Mungenast of Knoxville, Tennessee, was honored by the Huntingdon College National Alumni Association with
the Alumni Achievement Award during the Reunion Weekend Alumni Awards Banquet Friday, April 3. Mungenast,
a member of the Huntingdon College Class of 1971, was present with his wife, Mary Jean “Jeanie”
Shields Mungenast, a member of the Huntingdon Class of 1973, and several other members of his family.
Drafted by the U.S. Selective Service upon completion of his Huntingdon course work
in December 1970, Mungenast joined the Air Force ROTC at the University of Alabama. In 1973, he completed
his master’s degree in labor relations and was commissioned in the Air Force by his father, Colonel
Andy Mungenast.
Following two years on active military duty at Pope AFB, N.C., Mungenast relocated to Washington, D.C.,
where he worked for several agencies while attending law school at the Catholic University of America. He
received his law degree in May 1979 and was offered a position with the Tennessee Valley Authority’s
General Counsel’s Office in Knoxville. He worked in TVA’s Labor Relations and General Counsel’s
Office and retired as a senior attorney in December 2004.
During his civilian career, Mungenast continued his military career in the Air Force Reserve,
transitioning into the intelligence career field in the early 1980s. He was promoted to colonel in 1993 and
assigned as senior reservist to the director, Missile and Space Intelligence Agency, Huntsville, Alabama,
where he established their first AF Reserve unit. In 1998 he was assigned as senior reservist to the
commander at the National Air and Space Intelligence Center, Dayton, Ohio, where he led the initial
mobilization of reservists following the 9/11 attacks. Shortly after his promotion to brigadier general in
2002, he was recalled to active duty for Operation Iraqi Freedom, assisting in managing the intelligence
effort for Northern Iraq and a significant mobilization of reservists, and was subsequently recalled to serve
as acting director of intelligence for the European Command.

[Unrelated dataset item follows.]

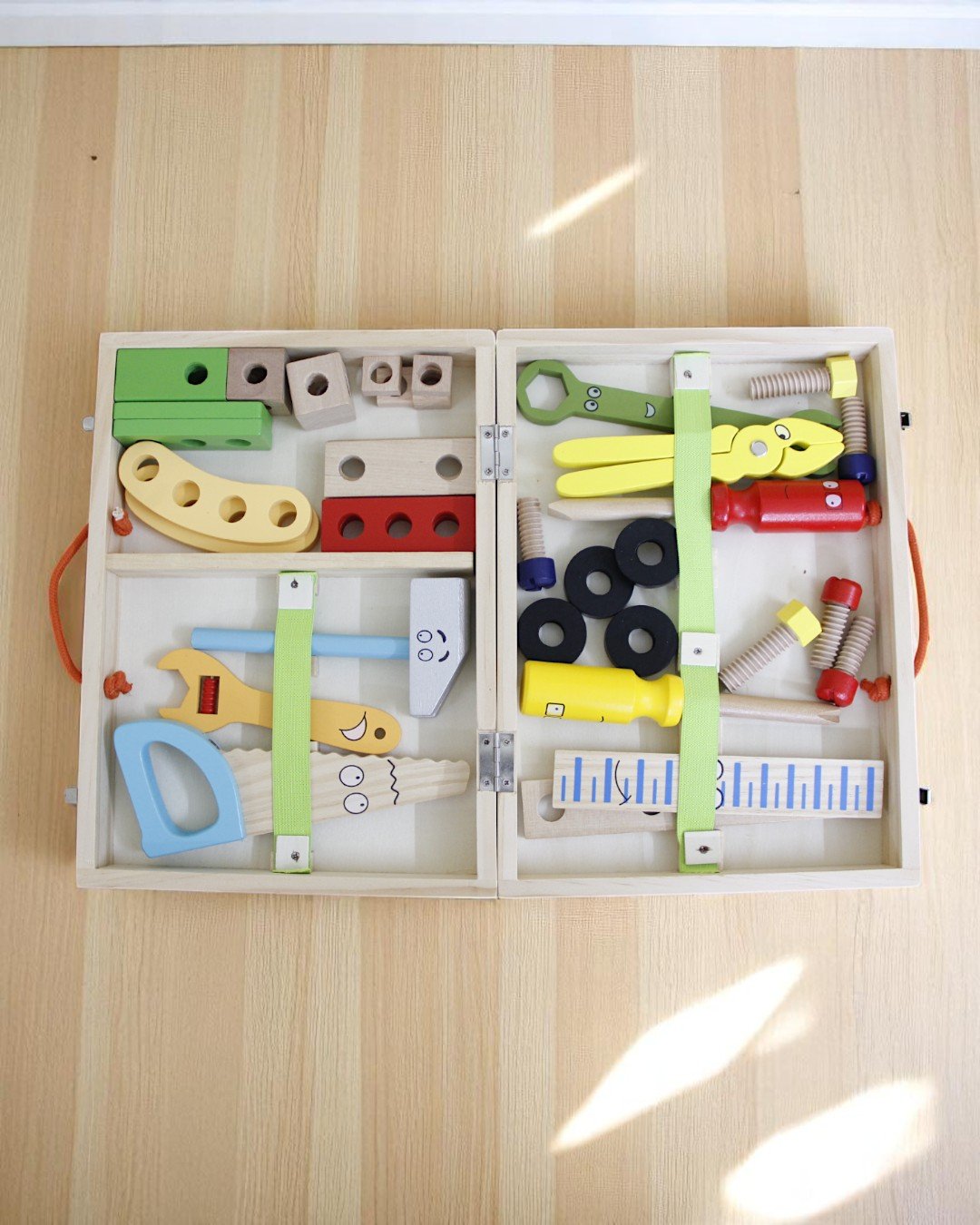 1 Wooden Tool box; 1 Wooden scale; 1 Wooden Screw driver; 1 Wooden Spanner; 1 Wooden Cutting Plier; 1 Wooden Saw; 1 Wooden Hammer; 1 Adjustable Wrench; 1 Instruction Manual; 4 Black wheels; 6 Screws (2 Blue, 2 Red & 2 Yellow); 6 small wooden square with screw cavities; 4 Rectangles with 3 cavities each (2 Green & 2 Red); 2 Wooden Rectangles with 2 cavities each; 1 Wooden Rectangle with 4 cavities; 2 Wooden Cubes; 1 Green wooden cuboid; 2 Yellow arches with 4 cavities each

In May 2005 he was selected by the director of the Defense Intelligence Agency (DIA) to serve as
mobilization assistant (the director’s top reservist), where he oversaw the efforts of approximately
1,200 intelligence reserve professionals deployed throughout the United States and abroad. At DIA, he served
an additional duty as the director’s senior United States representative in Operations Orientation
Program trips to orient foreign defense attaches to the U.S. and its military operations. His wife, Jeanie,
served as the senior defense representative for the spouses who accompanied the attaches. Lt. General Mike
Maples, DIA’s director, retired General Mungenast in 2007 in Washington, D.C., presenting him with a
Defense Superior Service Medal for his service.
Mungenast serves on the boards of trustees for the non-profit Riverside Research Institute and the East
Tennessee Military Affairs Council. He serves as president of the General Bruce K. Holloway Chapter of the
Air Force Association and volunteers with the Tennessee Committee for Employer Support of the Guard and
Reserve. The Mungenasts are members of Blessed Sacrament Church, Harriman, Tennessee.
The son of Colonel (retired) Andy and Norma Mungenast of Montgomery, Alabama, Mungenast is the third
oldest of 14 siblings, who include a professor, a banker, entrepreneurs, attorneys, accountants, an
engineer, a teacher, a retired AF NCO, a social worker, and Alabama Supreme Court Justice Patti Smith.
Also honored at the banquet were Alumni Achievement Award winner Rick Yates, Class of 1982, of Lilburn,
Georgia, global director of Bottler Solution Services for the Coca-Cola Company; Young Alumni Achievement
Award winner Cynthia Barnes Hayden, Class of 1999, of Alexandria, Virginia, director of federal government
relations for Altria Client Services; and Alumni Loyalty Award winners Shirley Parker Watkins, Class of
1956, of Auburn, and Betty Thurman McMahon, Class of 1964, of Birmingham.
Huntingdon College, grounded in the Judeo-Christian tradition of the United Methodist Church, is
committed to nurturing growth in faith, wisdom, and service and to graduating individuals prepared to
succeed in a rapidly changing world. Founded in 1854, Huntingdon is a coeducational liberal arts college.
The College motto, “Enter to grow in wisdom; go forth to apply wisdom in service,” is inscribed
in stone above the front door of John Jefferson Flowers Hall. Celebrating its centennial year in
Montgomery this year, the campus is listed on the National Register of Historic Places.